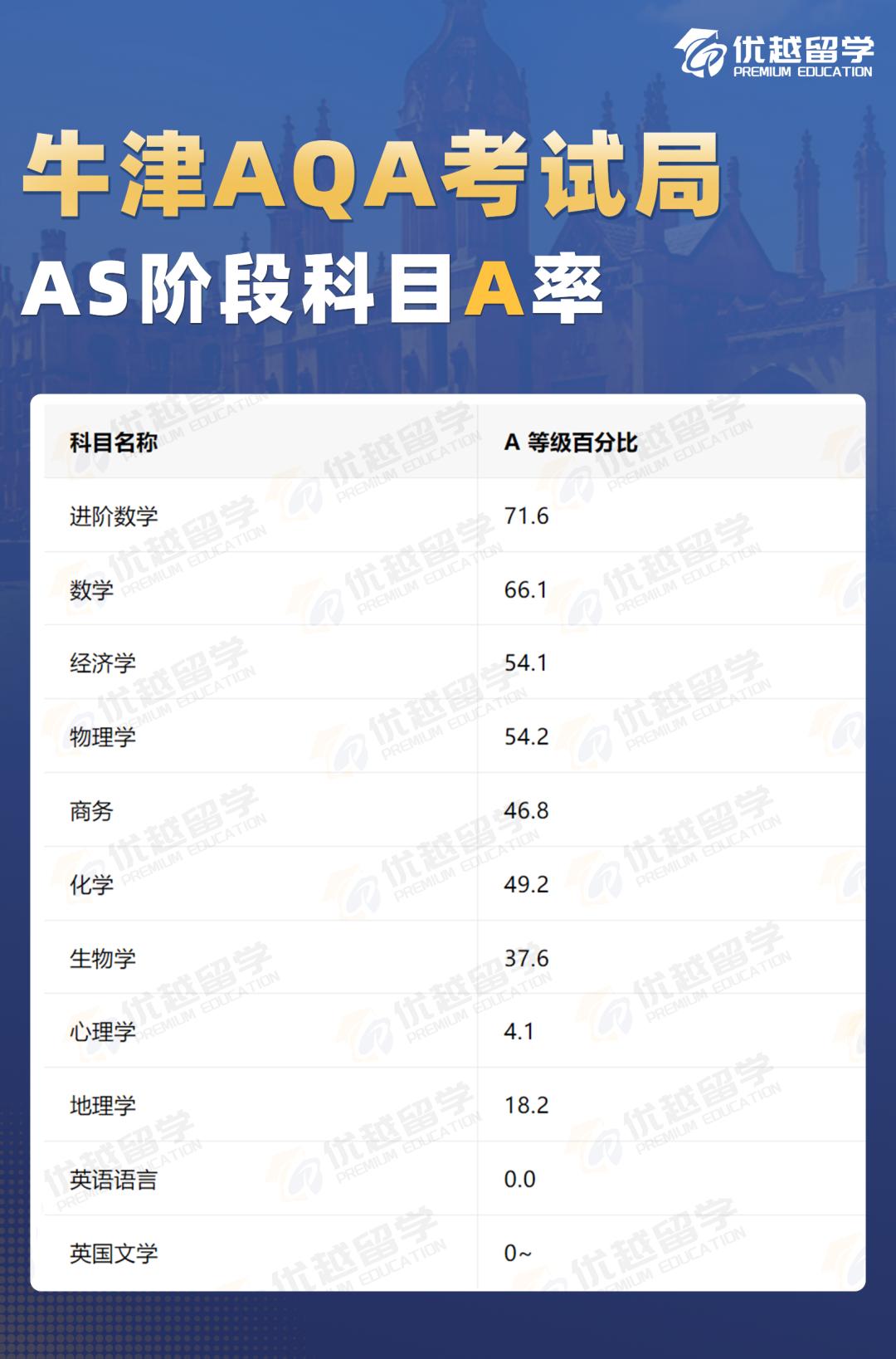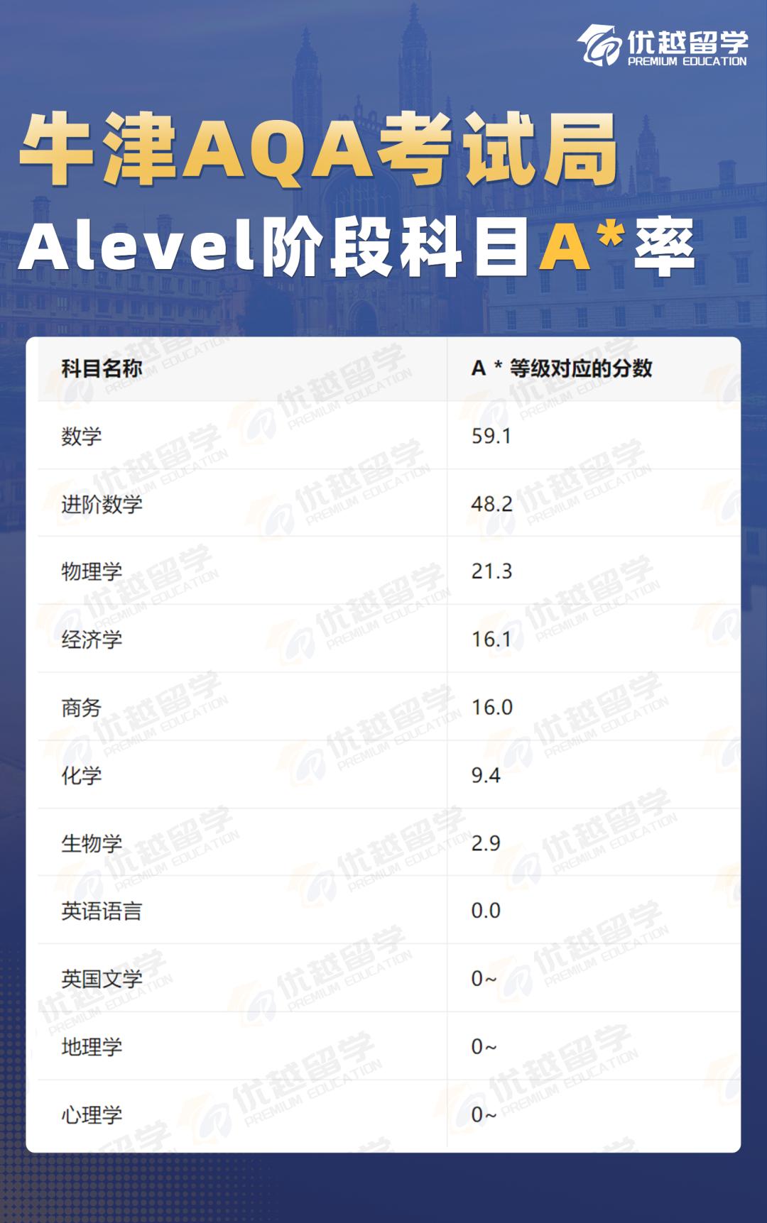 以上是【【牛劍筆試】最新!一月大考牛津AQA出分!這些科目A*率最高!】相關的全部內容,查看更多【牛津留學申請】相關資訊可前往【優越留學】首頁!詳細申請規劃及方案定制請預約優越留學顧問為你一對一解答!
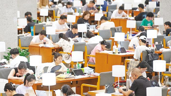 “最近天气炎热,入馆的市民明显变多。工作日每天有1万名读者,周末每天有约2万名读者,相比6月份,人流量增长了约50%。”省图书馆工作人员王俪颖说。
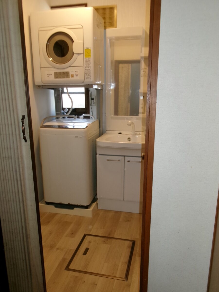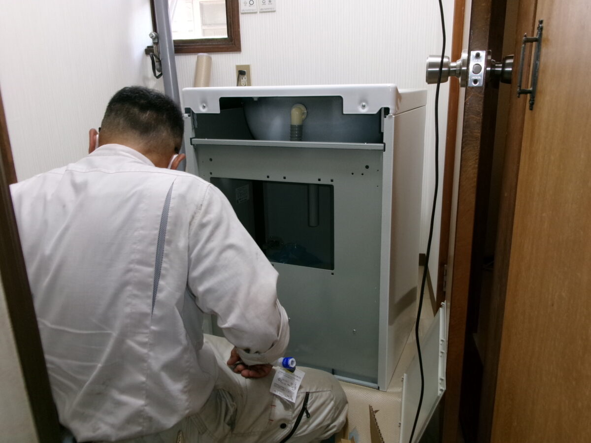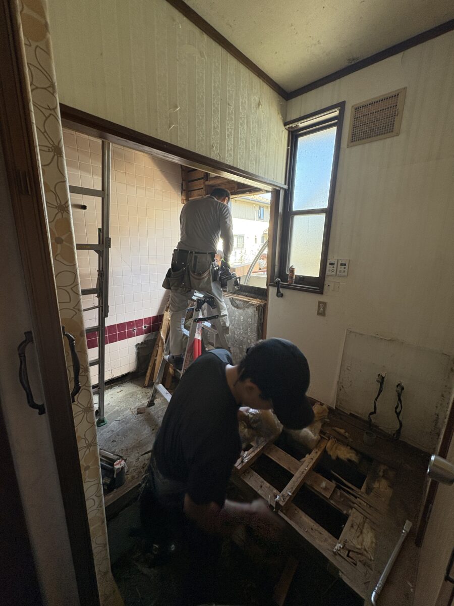 洗面所の床下も一部腐食があり、合わせて補強して施工しました。解体から設置までには様々な職人さんたち職人さんたちの手が入って仕上げます。
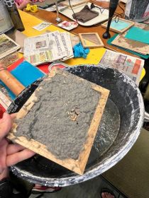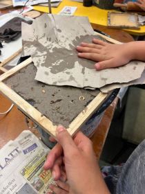 Mit Hilfe von Holzrahmen und Sieben schöpften die Kinder anschließend die Pulpe aus den Wannen und formten daraus ihr eigenes Papier. Ganz fertig war es aber noch nicht – zuerst musste es noch in Ruhe trocknen.
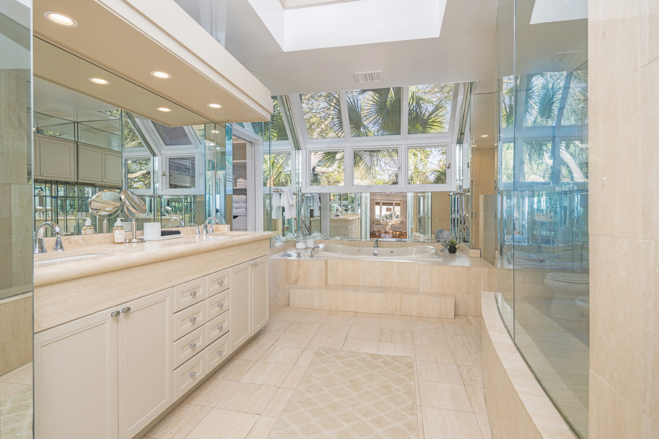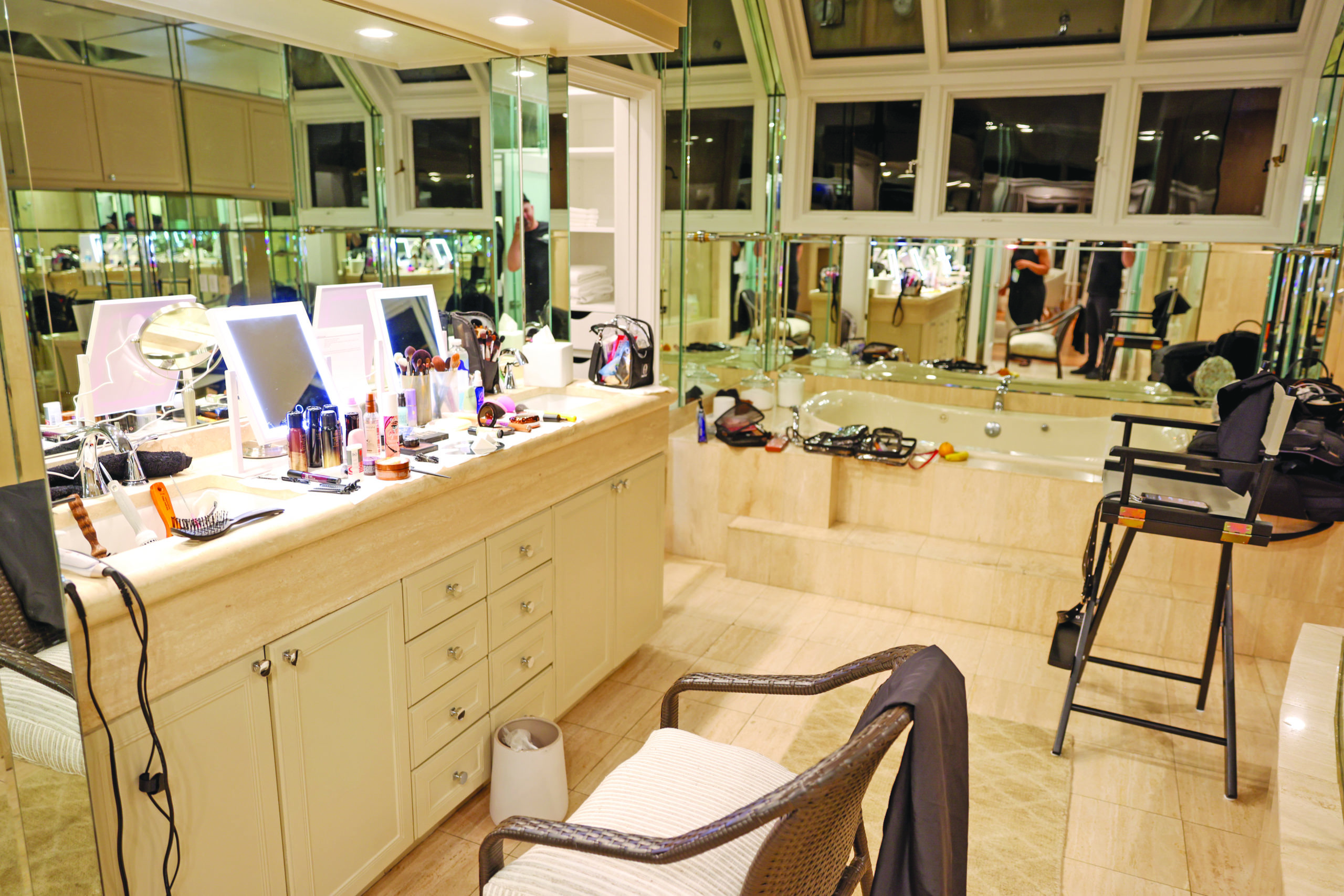 The grand formal dining room served as a production office with a bank of iMacs replacing the table settings. The grand master bathroom became a makeup studio for the hosts, easily accommodating talent and makeup artists alike. It’s a production that generally takes up a massive studio in Rockefeller Center, but this stunning home served ably as a substitute.
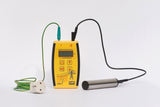 Das ESM-2 misst die Wechselspannung über eine Handsonde gegen Erde und zeigt deren Wert verständlich an.
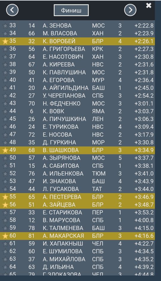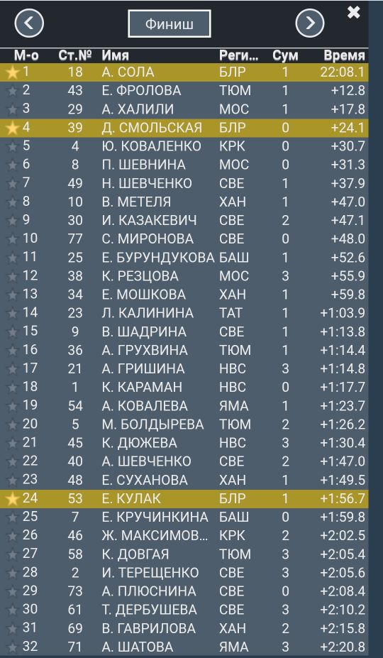 Еще одна белоруска Динара Смольская финишировала на четвертой позиции, отстав от Солы на 24,1 секунды и закрыв все мишени.
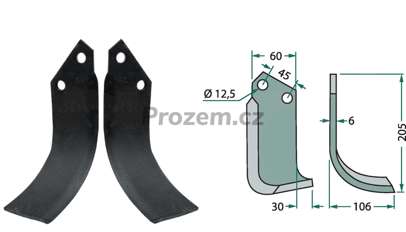 Frézovací klenutý nůž pravý pro Nardi, 5C5009, 45/12,5/205 mm
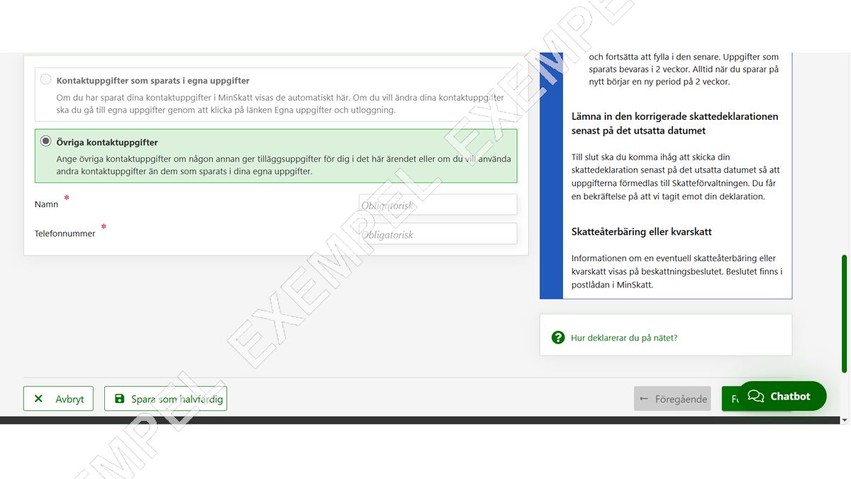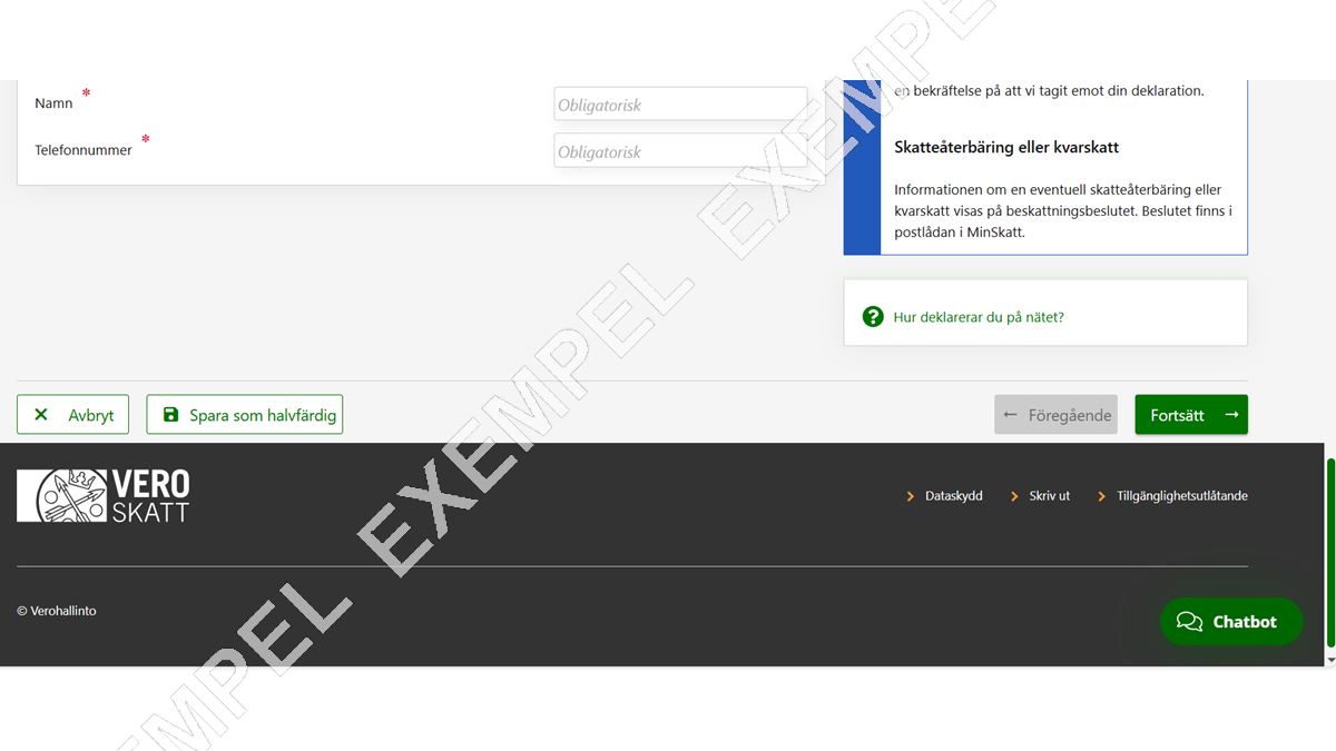 I vissa situationer kan Chattbot-knappen hamna ovanpå en annan knapp som behövs till exempel för att gå till nästa fas i skattedeklarationen eller för att skicka den.

..........

### WORK ORDER:
Begin at the line containing "Еще одна белоруска" and stop at the final line of the data. Retype those lines exactly, without the pictures.

### EXPECTED OUTPUT:
 Еще одна белоруска Динара Смольская финишировала на четвертой позиции, отстав от Солы на 24,1 секунды и закрыв все мишени.
 Frézovací klenutý nůž pravý pro Nardi, 5C5009, 45/12,5/205 mm
 I vissa situationer kan Chattbot-knappen hamna ovanpå en annan knapp som behövs till exempel för att gå till nästa fas i skattedeklarationen eller för att skicka den.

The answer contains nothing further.